About being non-binary and the ways that you need to be loved while finding your place through experimentation, standards about gender, fighting for inclusion and acceptance of every piece of who you really are.


Abbie Wells – I’m a Myth|An Asexuality Poem

A poem exploring all the myths and misconceptions about being asexual, a story of discovering that you are asexual and realizing that you don’t have to meet with all the expectations set by society for sexual people.


Realisticallysaying – X Marks the Spot

A poem on realizing you might be neither a girl, nor a boy. About being non-binary, the social dysphoria of being misgendered, the different ways of experiencing gender dysphoria (or of not experiencing it at all), of realizing that maybe you’re not broken after all.


Darius Simpson & Scout Bostley – Lost Voices

A poem about mansplaining and whitesplaining, recited by a black man and a white woman both of whom speak over each other, for the other person’s problems. Addresses the issue of people speaking over others, of different intersections that are not parts of their identities and of things we haven’t all experienced, but also of realizing that we have all been through different things the need to speak up for others’ needs after realizing your privilege, so that no one is left without a voice .


Keith Jarrett – A Gay Poem

A poem about the discrimination, problematic reactions, and threats that gay people have to face, answering in a unique, sarcastic way, to the question “have you ever written a gay poem?”

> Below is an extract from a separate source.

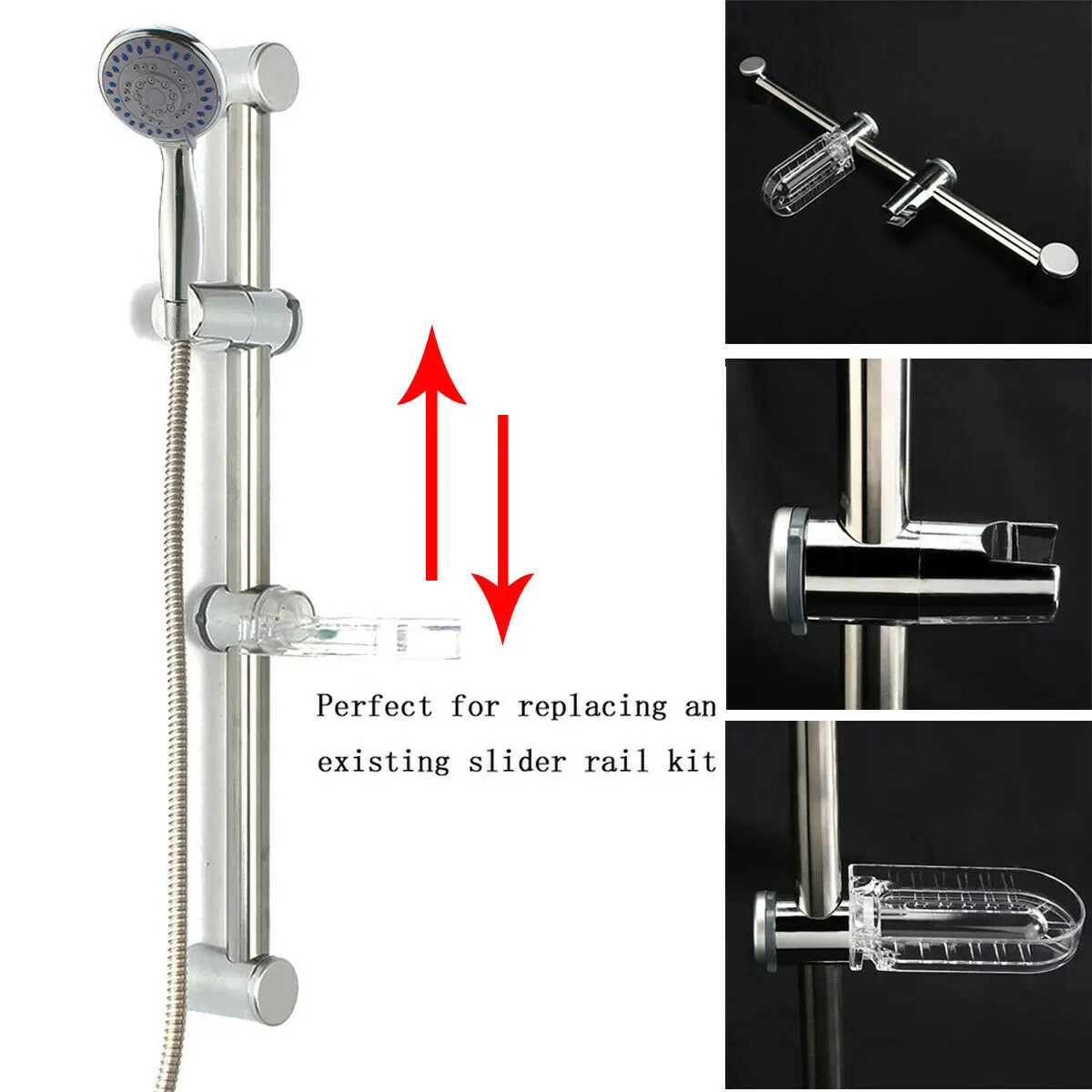 Регулируемый слайдер: легко регулировать высоту (вдоль рельсы) и угол душевые головки.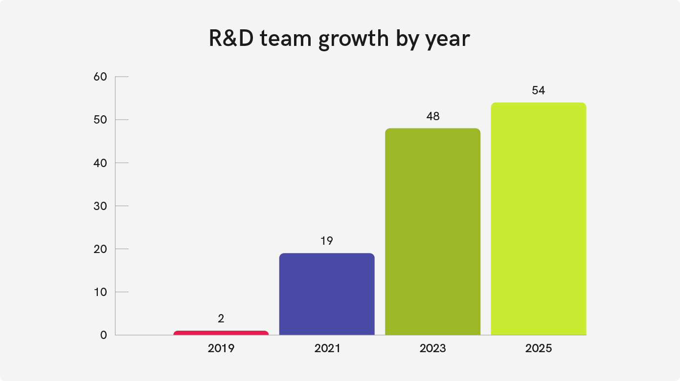 Following the initial success, Orca’s product ambitions grew, as did the complexity of the platform. To support this, we expanded the R&D team by recruiting specialists with diverse skill sets, We’ve reworked this section to avoid disclosing details of the internal team structure while still highlighting their specific functionality - please let me know if even this feels like too much.

Chrysanthemum Tran – Maybe All Transgender People are Really Vampires

A powerful poem about the uncertainty, stereotypes and fears that trans people have to face every day, against the hateful, dehumanizing rhetoric and behaviours directed to them, a cry of desperation that reminds us that trans people are people often stripped by their humanity, and they need to live with dignity and without fear.


Ash Hardel – We get it, you’re gay

A poem about how people might tell you that you’re too loud about being gay, that you make a big deal out of it, when in reality it’s society that forces you to face your identity all the time, to apologize about it, to protect it, to be harassed about it, invisible in a heteronormative context, faced with the privilege straight people don’t realize they have every day.


Melanie Murphy – FEMME|a spoken word film about my bisexuality

Speaks about femme bisexual women who are ostracized by both straight and gay communities, stripped either of their queer identities, or of the expression and appearance that makes them feel more like themselves. Femme bi women are read as queer by straight people only for the sake of fetishization, threatened to be force-turned to straight by men, invisible in the activist world, deemed as confused or going through a phase, alienated and at the same time told they’re privileged.